I fully agree with this.  

I'm simply suggesting that the slang term 'rip-off' is used in general as a catch all term to describe situations including where something is excessively priced or terms are over restrictive; the fact that alternatives may be available or pricing is clearly outlined does not mean that the term 'rip-off' cannot be used.


----------



## ClubMan (16 May 2006)

michaelm said:
			
		

> the fact that alternatives may be available or pricing is clearly outlined does not mean that the term 'rip-off' cannot be used.


I disagree and make no excuse for rebutting inaccurate use of the term rip-off. Those who are happy with sloppy use of terminology are free to ignore my posts in this vein.


----------



## ubiquitous (16 May 2006)

michaelm said:
			
		

> ...the fact that alternatives may be available or pricing is clearly outlined does not mean that the term 'rip-off' cannot be used.



Of course it is a free country and people are free to use whatever terminology they wish, but I think that it is valid to conclude that the term "rip off" denotes some level of deception or taking advantage of a consumer's inability to source a product or service elsewhere. 
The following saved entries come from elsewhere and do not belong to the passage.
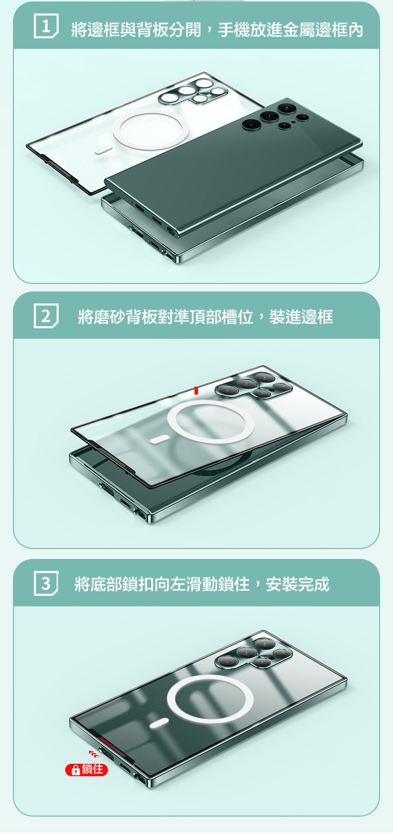鋼盾 三星S25系列S24系列S23系列S22系列S21系列note20ultra 【金屬邊框磨砂殼】4K鏡頭全包+鋁合金邊框+磨砂防髒背板 配置magsafe磁吸圈
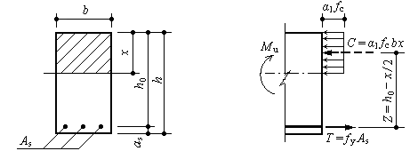 图3-15 单筋矩形截面受弯构件正截面承载力计算简图
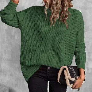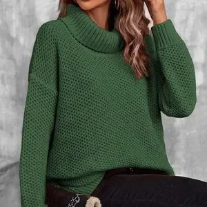 Green Preppy Womens Turtleneck Drop Shoulder Pointelle Knit Sweater
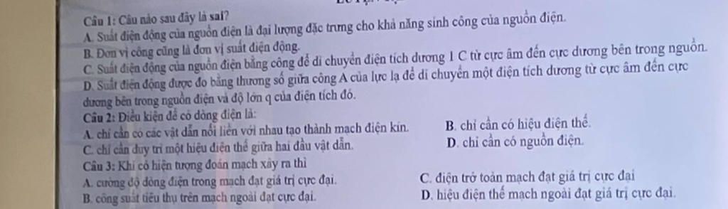 Đơn vị của công là J, đơn vị của suất điện động là V.
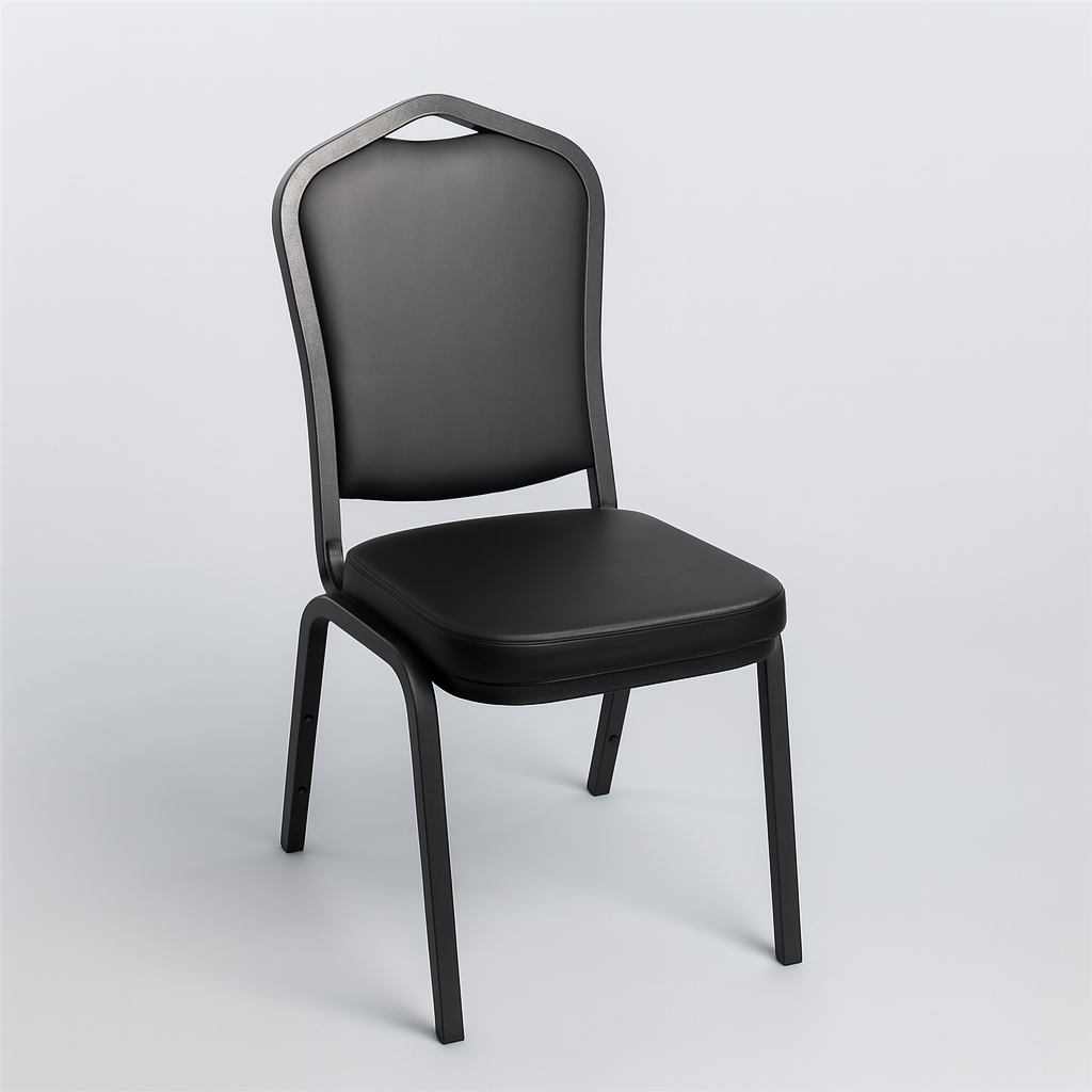 Silla de Espera o Banquete Tapizada en Vinil con Estructura Metálica, ideal para oficinas, salas de espera, comedores, salones de eventos, restaurantes o espacios institucionales. Su diseño compacto y resistente en color negro la convierte en una opción funcional, fácil de limpiar y duradera.
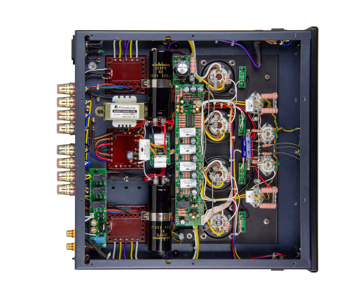 Во всех своих продуктах PrimaLuna использует навесной монтаж с пайкой проводов от точки-к-точке (Point to Point Wiring) и тщательно продуманное расположение компонентов. Весь путь сигнала, включая резисторы и конденсаторы, кропотливо пропаян вручную толстым кабелем мастерами своего дела.
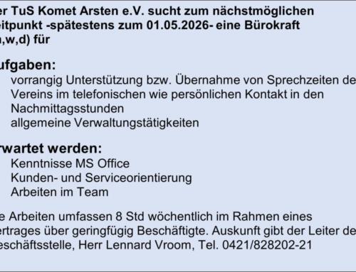 TuS Komet Arsten: Rieger, Willig; Brockhoff, Lampe, C. Lange, J. Meyer, Meierhöfer, Warschewski, Gatzka (1), Kahle (1), Zurkuhle (1), Segieth (4), Evers (5), Meinke (9/1).

There is a danger that over-use of the term "rip off" may dilute its effect - especially where absolute scams are lumped together under the same heading as business offerings that happen merely to be expensive.


----------



## Guest127 (17 May 2006)

its not a rip off. however if the hotel advertise a rack rate for a room and its available surely they are oblidged to sell it at that rate. Suppose you were travelling through France on the way south and tried to book into an hotel for the night and were informed that the minimum stay was 2 nights, how would you feel? ( ripped off? )


----------